DATASET CONTENT »

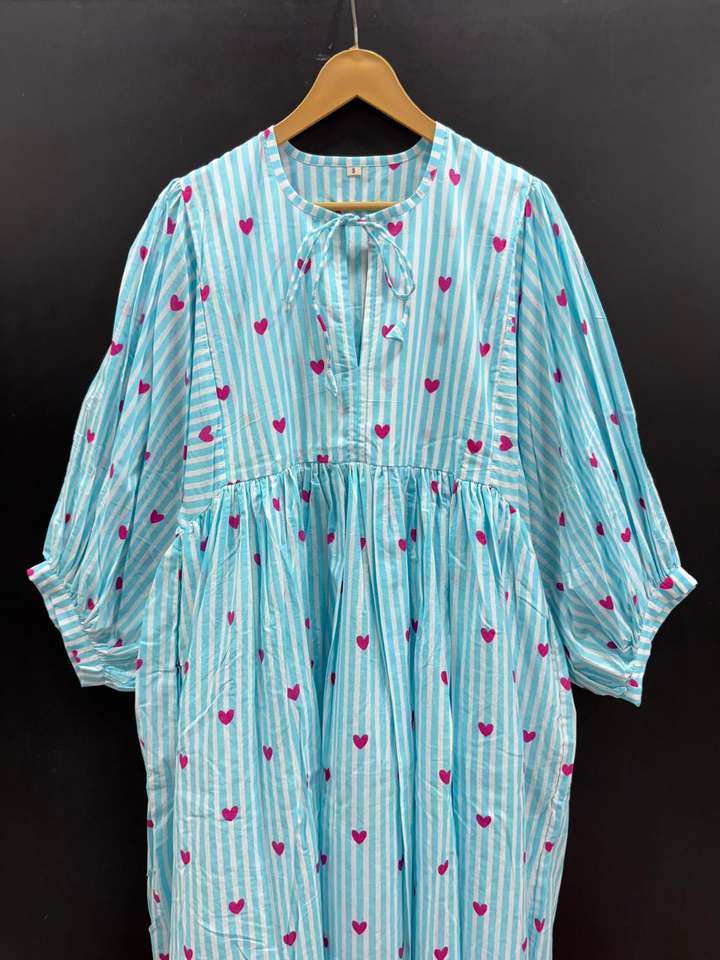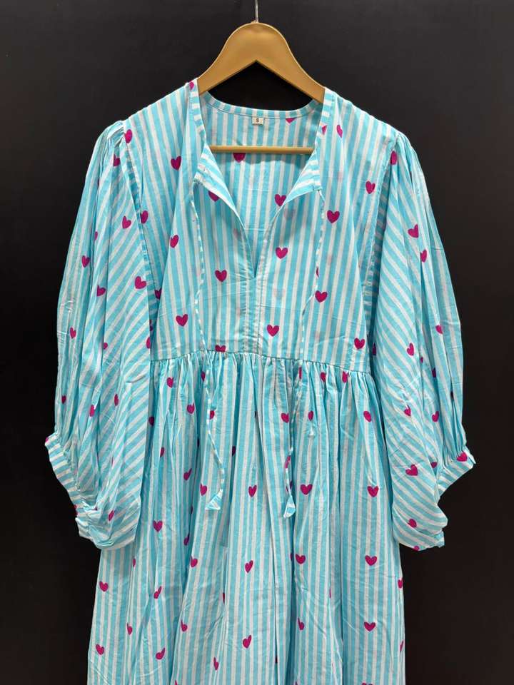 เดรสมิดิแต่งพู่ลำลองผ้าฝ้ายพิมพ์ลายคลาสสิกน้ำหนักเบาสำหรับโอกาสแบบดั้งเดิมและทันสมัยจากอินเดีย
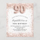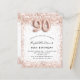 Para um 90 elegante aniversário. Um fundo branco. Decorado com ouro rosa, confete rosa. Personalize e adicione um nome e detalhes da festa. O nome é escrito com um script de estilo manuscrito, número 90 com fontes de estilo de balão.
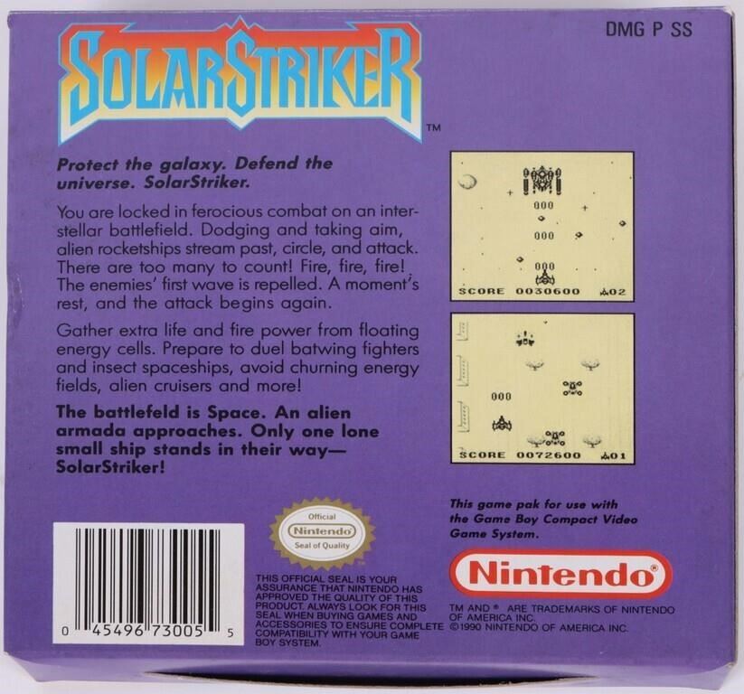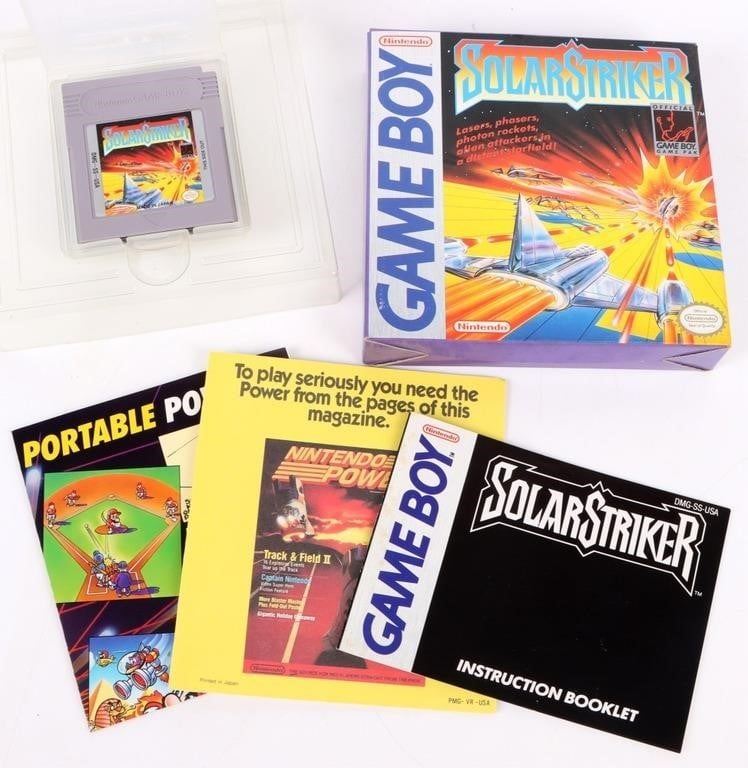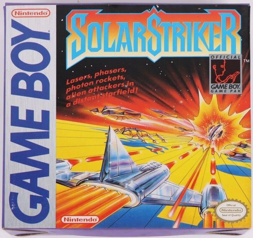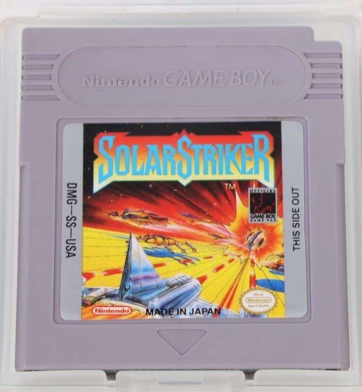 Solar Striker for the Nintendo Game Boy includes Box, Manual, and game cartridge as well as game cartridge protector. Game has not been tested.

EXERCISE INSTRUCTIONS » Set down the data again, exactly, without images.

RESPONSE TO THIS TASK »
 เดรสมิดิแต่งพู่ลำลองผ้าฝ้ายพิมพ์ลายคลาสสิกน้ำหนักเบาสำหรับโอกาสแบบดั้งเดิมและทันสมัยจากอินเดีย
 Para um 90 elegante aniversário. Um fundo branco. Decorado com ouro rosa, confete rosa. Personalize e adicione um nome e detalhes da festa. O nome é escrito com um script de estilo manuscrito, número 90 com fontes de estilo de balão.
 Solar Striker for the Nintendo Game Boy includes Box, Manual, and game cartridge as well as game cartridge protector. Game has not been tested.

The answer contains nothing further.